Reduce or eliminate copies
In the simplest definition, data virtualization means that the data exists only once in a data storage layer. The same data can be used for dashboards & reports and also for analytical exploration & data science research.
For data warehouse cubes in data visualization tools such as Tableau, PowerBI, Cliq, and Apache Superset, use the pass-through design pattern. Use your data federation layer to cache dimensions or cube content so that you no longer need to build & refresh cubes within the visualization servers.
Replace data transactions with data transformations
Data analytics developers are familiar with a different paradigm of data transformation than those who work with relational databases. Statistical packages such as SPSS and SAS, and languages such as Scala and R, have always used an approach that builds an entirely new dataset with each aggregation or transformation.

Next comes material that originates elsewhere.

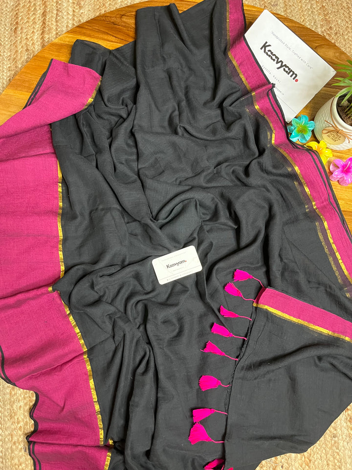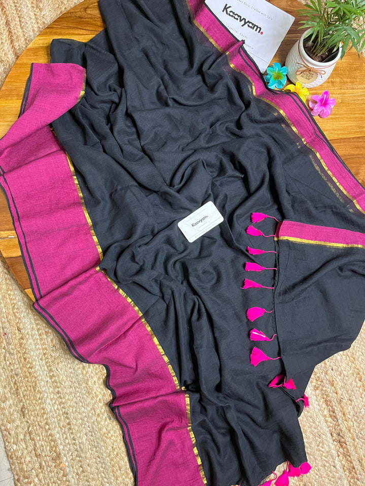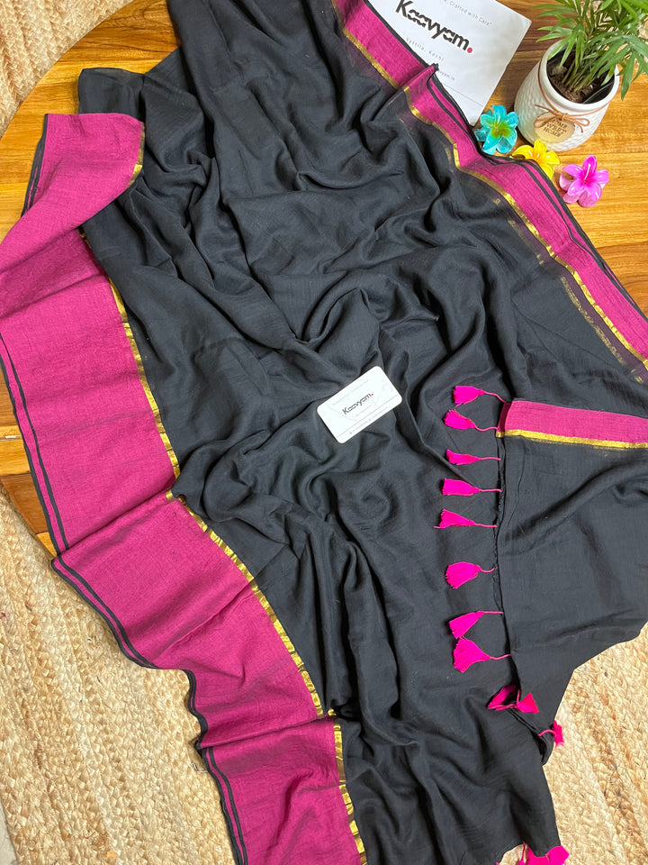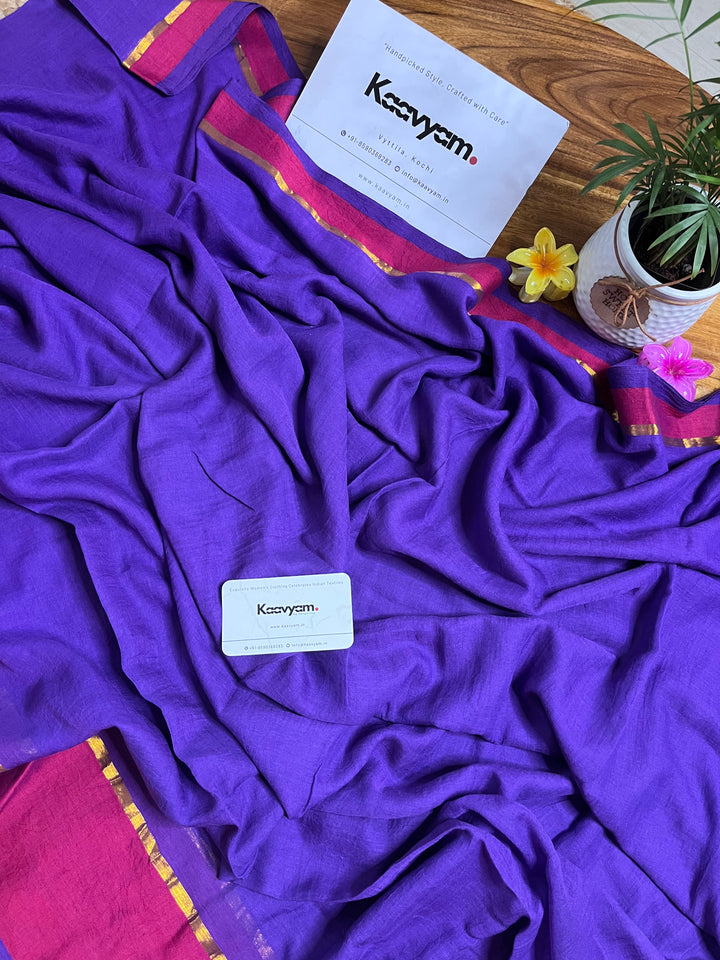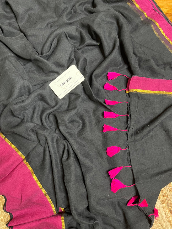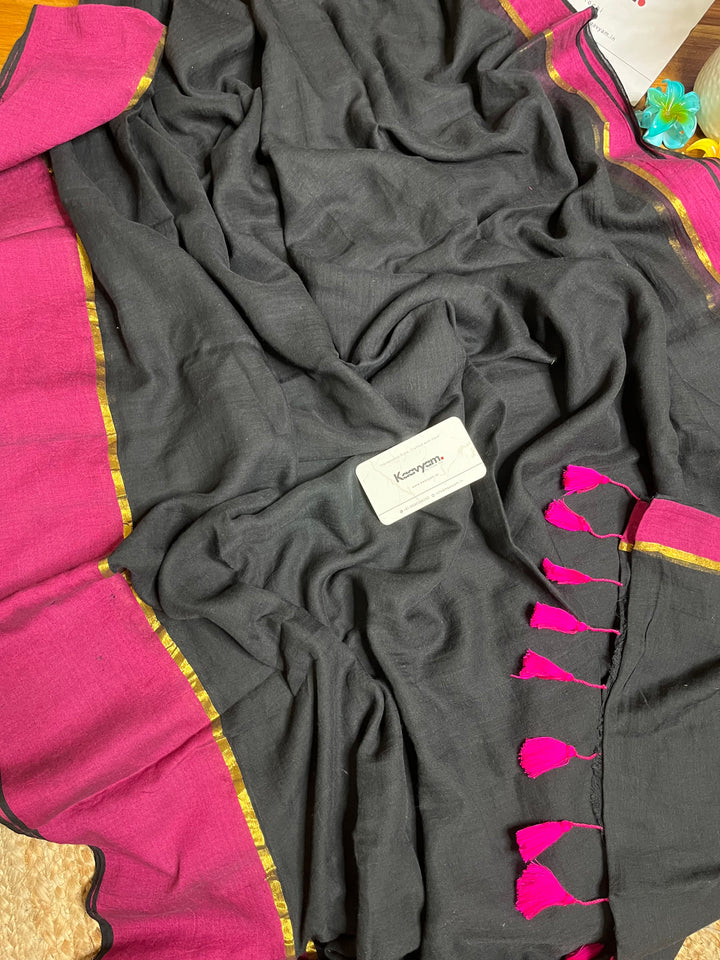 Plain cotton saree with golden zari woven kasav stripe and contrast color border all over the saree ended with handmade tassels on pallu

When you apply this approach to data pipelines, you can completely remove the need for transactional integrity and ACID compliance. Instead, you use reproducibility and recoverability to achieve similar results.
For those few (or many!) who prefer to think of data through the language of SQL, you can understand this approach as follows. Build your data pipeline using a sequence of CTAS (“create table as …”) where each new table contains all of the data content from the prior, with changes introduced via filters, joins, aggregations, and combinations of the above.

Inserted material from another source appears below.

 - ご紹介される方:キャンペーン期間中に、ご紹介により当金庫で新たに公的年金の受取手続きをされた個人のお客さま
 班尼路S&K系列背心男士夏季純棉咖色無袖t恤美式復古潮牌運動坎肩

Use parallelized in-memory analytics
With partitioned data in cloud-optimized data storage, you can make use of newer analytics engines that populate in-memory dataframes in Python and R so that you can achieve dramatically faster execution of data science models and exploratory research.
If you use Spark in a map-reduce cluster, read & write directly from & to the cloud data storage (S3, ADLS, GCS). If you use Python and R, use the Apache Arrow Flight libraries to interact with a cluster of Arrow dataframe worker nodes. One of the federated data access vendors embeds Apache Arrow and Arrow Flight support natively (see https://www.dremio.com/eliminating-data-exports-for-data-science-with-apache-arrow-flight).
Virtual data lake best practices
- Migrating operational systems to the cloud.
- Move your data into cloud-optimized data storage.
- Redesign your data pipelines without transactions.
- Use separate compute resources for operational systems, for data visualization of data warehouses, and for analytical exploration & data science research.
- Use pass-through data warehouse design in data visualization tools.
- Deploy a federated data access layer that includes access rules and information security enforcement.
- Use analytical tools that rely on parallelized in-memory dataframes.
With these best practices, you reduce or eliminate copies of data, increase the freshness of data for decision-making, provider broader access to data across multiple operational systems, and increase the speed of analytical exploration and data science research.